On December 20, 2019, President Trump signed the National Defense Authorization Act for fiscal year 2020 (the 2020 NDAA) into law (Public Law No. 116-92). The 2020 NDAA authorizes $738 billion dollars in appropriations for programs and activities of the Department of Defense (DOD), the U.S. executive agency that acquires the largest amount (by dollar value and volume) of goods and services within the U.S. government. This amount authorized by the 2020 NDAA represents roughly a $22 billion dollar increase over the 2019 NDAA. The 2020 NDAA includes a variety of provisions that are important for government contractors to be aware of, including provisions related to supply chain security, cybersecurity, software acquisition, cloud computing, and research and development, among others. This client alert discusses the provision of the 2020 NDAA that will impact defense contractors (manufacturers, distributors, resellers) supplying microelectronic products and wireless network services acquired by the DOD.

Section 224. Requiring defense microelectronics products and services meet trusted supply chain and operational security standards

Title II, section 224 of the 2020 NDAA requires the establishment of operational security standards that will protect the United States, the DOD, and defense contractors that do business with the DOD from the theft of intellectual property and ensure national security and public safety in the application of new generations of wireless network technologies and microelectronics. Section 224 refers to these operational security standards as trusted supply chain and operational security standards and requires the Secretary of Defense (SECDEF) to establish these security standards no later than January 1, 2021. By January 1, 2023, nearly all microelectronics products and wireless network services purchased by the DOD must meet these new security standards.

Section 224 defines “security standards” as standards that systemize best practices relevant to six categories: (1) manufacturing location; (2) company ownership; (3) workforce composition; (4) access to the product during manufacturing, suppliers’ design, sourcing, packaging, and distribution processes; (5) reliability of the supply chain; and (6) other matters germane to supply chain and operational security. Military standards or specifications that specify individual features for microelectronics products and wireless network services or that inhibit the acquisition of securely manufactured, commercially available products by the DOD are excluded from the definition.

Section 224’s required security standards are to be developed in consultation with civilian agencies and industry to ensure that differing perspectives will be considered.

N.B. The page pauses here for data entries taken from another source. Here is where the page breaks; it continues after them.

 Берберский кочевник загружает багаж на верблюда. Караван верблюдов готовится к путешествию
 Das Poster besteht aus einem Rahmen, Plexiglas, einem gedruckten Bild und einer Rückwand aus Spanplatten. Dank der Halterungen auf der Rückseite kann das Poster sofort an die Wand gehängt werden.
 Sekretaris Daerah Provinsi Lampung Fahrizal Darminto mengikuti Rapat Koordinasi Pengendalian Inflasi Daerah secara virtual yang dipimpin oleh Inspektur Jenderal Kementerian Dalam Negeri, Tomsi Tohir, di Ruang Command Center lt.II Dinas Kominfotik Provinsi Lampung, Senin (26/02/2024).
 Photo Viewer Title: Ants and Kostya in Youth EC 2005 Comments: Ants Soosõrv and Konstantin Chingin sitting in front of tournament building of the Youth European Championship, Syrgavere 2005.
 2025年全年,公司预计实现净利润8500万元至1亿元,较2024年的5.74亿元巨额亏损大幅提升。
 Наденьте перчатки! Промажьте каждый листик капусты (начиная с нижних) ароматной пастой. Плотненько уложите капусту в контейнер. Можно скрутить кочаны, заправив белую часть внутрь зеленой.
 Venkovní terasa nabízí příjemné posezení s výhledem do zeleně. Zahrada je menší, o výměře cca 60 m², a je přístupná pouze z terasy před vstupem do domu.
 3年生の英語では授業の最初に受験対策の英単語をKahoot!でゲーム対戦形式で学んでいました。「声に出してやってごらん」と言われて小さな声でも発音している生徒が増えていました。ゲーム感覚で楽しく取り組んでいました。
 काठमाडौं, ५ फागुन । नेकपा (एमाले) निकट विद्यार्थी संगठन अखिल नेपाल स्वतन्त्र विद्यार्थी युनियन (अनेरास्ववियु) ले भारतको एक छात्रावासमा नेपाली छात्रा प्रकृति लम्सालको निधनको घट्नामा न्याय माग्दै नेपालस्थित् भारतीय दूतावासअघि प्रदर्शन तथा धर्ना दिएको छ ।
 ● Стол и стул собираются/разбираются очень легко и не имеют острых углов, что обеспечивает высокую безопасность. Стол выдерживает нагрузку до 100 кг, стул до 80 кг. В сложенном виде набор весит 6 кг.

The Departments of Homeland Security, State, and Commerce, and the National Institute of Standards and Technology; suppliers of microelectronics products and wireless network services from the United States and allies and partners of the United States; representatives of major U.S. sectors that rely on a trusted supply chain and the operational security of microelectronics products and wireless network services; and representatives from the U.S. insurance industry will collaborate with the DOD to develop the security standards contemplated. The goal of this collaboration is to maintain competition and innovation in the industrial microelectronics and wireless network services supply base. To that end, section 224 requires the SECDEF to ensure, to the greatest extent practicable, that microelectronic and wireless network technology suppliers are incentivized to sell their products commercially as well as to governments that are allies and partners of the United States. Furthermore, all suppliers (manufacturers, distributers, and resellers) will be required to ensure that microelectronics and wireless technology supplies are produced on the same production lines as the products purchased by the DOD. This requirement will likely drive changes to the manufacturing practices of many supplies.

Contractors that sell, or wish to sell, microelectronics and wireless network technology products and services to the DOD should be prepared for the imposition of the security standards developed under this program. While the security standards likely will not be enforced until January of 2023, they are required to be developed and effective by January 2021. This statutorily prescribed time frame will give contractors approximately two years to evaluate the impact of the new standards and to take appropriate steps to come into compliance. As a result of the anticipated standards, microelectronic and wireless network technology manufacturers, and their supply chain, may have to evaluate possible changes required to come into compliance. Such changes may include the relocation of manufacturing facilities and adjustments to company ownership and workforce composition, among others, to meet the microelectronic and wireless network technology security standards that will ultimately be imposed. Reed Smith will continue to monitor the information related to the establishment of these security standards and provide updated client alerts as new information becomes available.